SQL is a long-established standard. Additionally, as a standard query language, SQL requires no additional coding to manage the database and SQL queries can be used to retrieve large amounts of records from a database quickly and efficiently.
Clustrix secured $10m of funding last year to help develop its scale out relational database. What have you put the money towards?
We recently retargeted our ClustrixDB software for commodity servers, making it the first breakthrough scale-out SQL database for the cloud. Our new funding has been used to further that product development and support our rapidly growing customer base worldwide.
What’s your company roadmap for the year ahead?
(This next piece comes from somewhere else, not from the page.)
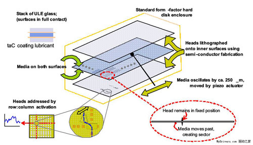 Hiện tại số đầu đọc ghi trên lớp đĩa mới chỉ có 64 chiếc, phải chuyển động đĩa ngang dọc phù hợp với vị trí của đầu đọc ghi để tiến hành đọc ghi, nhưng về mặt lý thuyết có thể gắn thêm vài triệu đầu đọc ghi, từ đó tạo ra một bề mặt đọc ghi với quy mô lớn, như vậy mỗi một đầu đọc ghi có thể tiến hành xử lý đọc ghi ghi số liệu trong từng vị trí này, và như vậy chúng ta sẽ không phải mất thời gian chờ đợi khi muốn tìm kiếm dữ liệu, đương nhiên tốc độ cũng sẽ đem lại sự khác biệt rất lớn, hơn nữa tốc độ đọc ghi sẽ tương đương nhau và nó sẽ có tốc độ ghi nhanh hơn ổ HDD và SSD.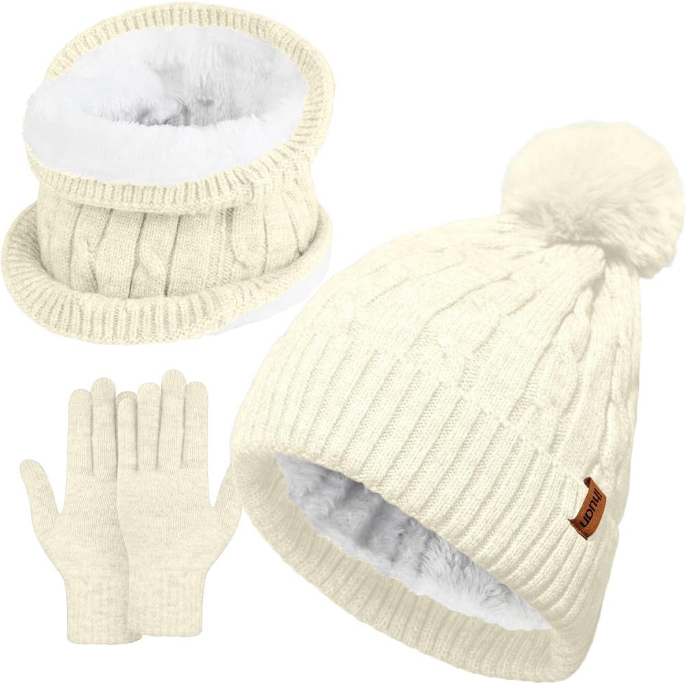 ihuan Winter Hat Scarf Gloves Warmer, Warm Knit Beanie Hat Touch Screen Gloves Set Neck Scarves for Women(Off-white)

With our initial software-only release behind us, we are setting our sites on increasing the overall performance of our database to take advantage of commodity hardware, as well as focusing on the optimal use of in-memory tables.
You’ve said before that you want to “aggressively pursue” the growing MySQL/ NewSQL market. Who do you see as your biggest potential users?
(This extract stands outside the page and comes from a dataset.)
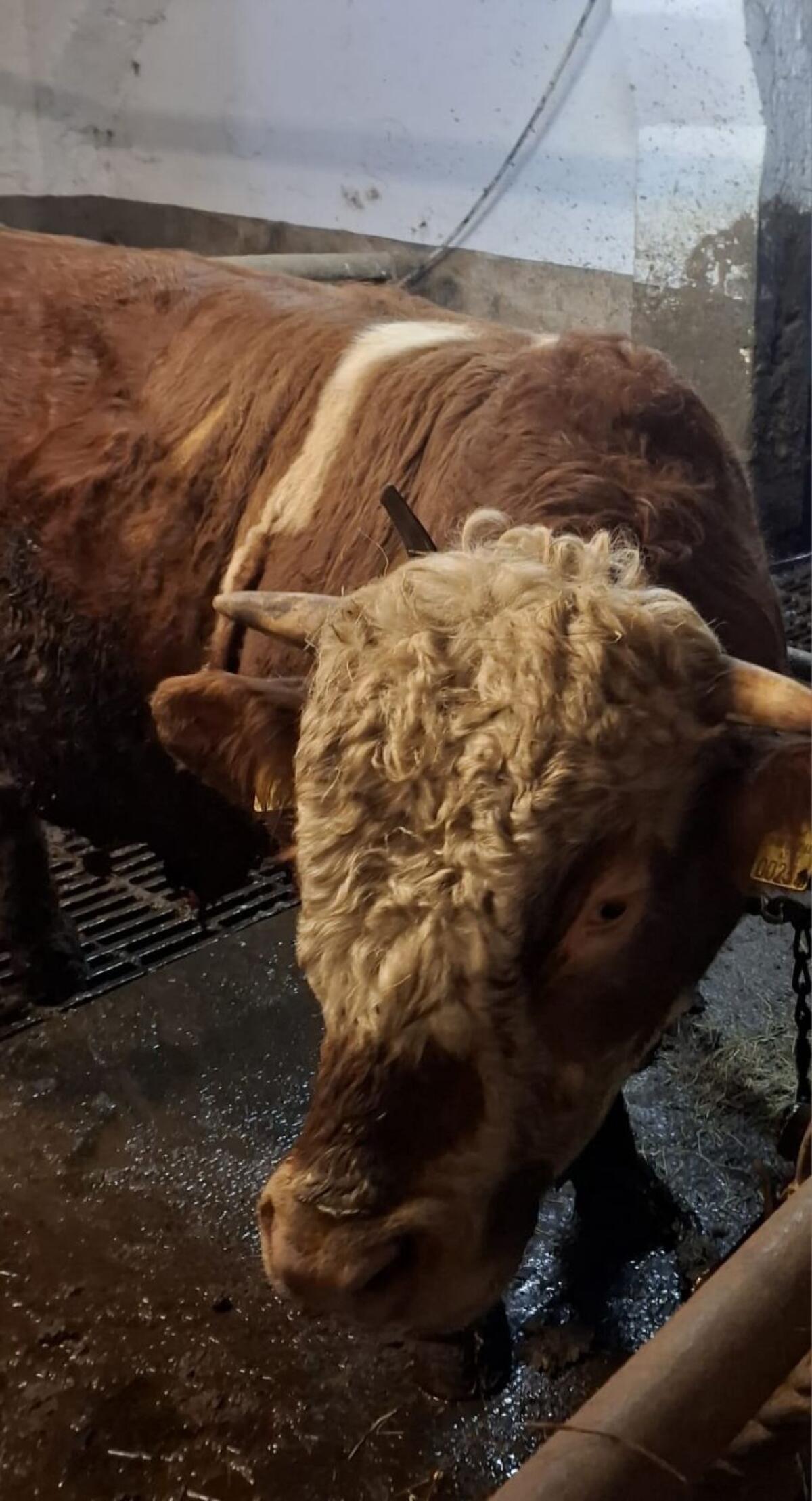 Gutmütiger Stier, geb. Februar 2004. Aus Anbindehaltung und Weidehaltung. Rindermarkt Fleckvieh

Clustrix has been serving production workloads since 2008. Our largest customers have data sets with billions of rows, multiple terabytes of data, and very high transaction rates. We are a good fit for new data-driven websites, including e-commerce, social media analytics and Ad Tech companies.
Can you give us a case-study for usage of Clustrix?
We work with a company called nomorerack, which is the online shopping destination that provides in-demand goods at deep discounts. They chose ClustrixDB to prepare for the holiday shopping season when the website receives 15 to 20 times higher traffic volume. For nomorerack, the potential cost of downtime on Cyber Monday was estimated at more than $500,000 per hour, requiring a business critical cloud database that can flexibly expand online with peak demand. As a result of implementing ClustrixDB, the company experienced a 300 percent increase in peak workload on its database with zero downtime.
Where do you see the Big Data space going in the next five years? Do you think there will always be a place for SQL?
We’re quickly moving toward a world where SQL is still relevant and business-relevant data analysis will support the fast moving, dynamic customer data from operational and social media interactions. Enterprises will want to analyze and act on this new breed of dynamic data in real time.
After two years of relentless FUD that “SQL doesn’t scale” by NoSQL evangelists, a return to sanity is emerging.
Both Google and Facebook recently published work to show not only that SQL can scale, but it is the best approach for certain workloads. Specifically, Google’s F1 database for Adwords enables much simpler application development for very high concurrency OLTP and OLAP workloads, saving those pricy engineers for truly valuable work. And Facebook’s comments that relational databases are essential for analytics added fuel to the new SQL hype programming now being promoted by every major Hadoop distribution.
Big Data developers don’t have to feel like they aren’t cool because SQL is the right answer for their application. They can focus on using NoSQL where it makes sense.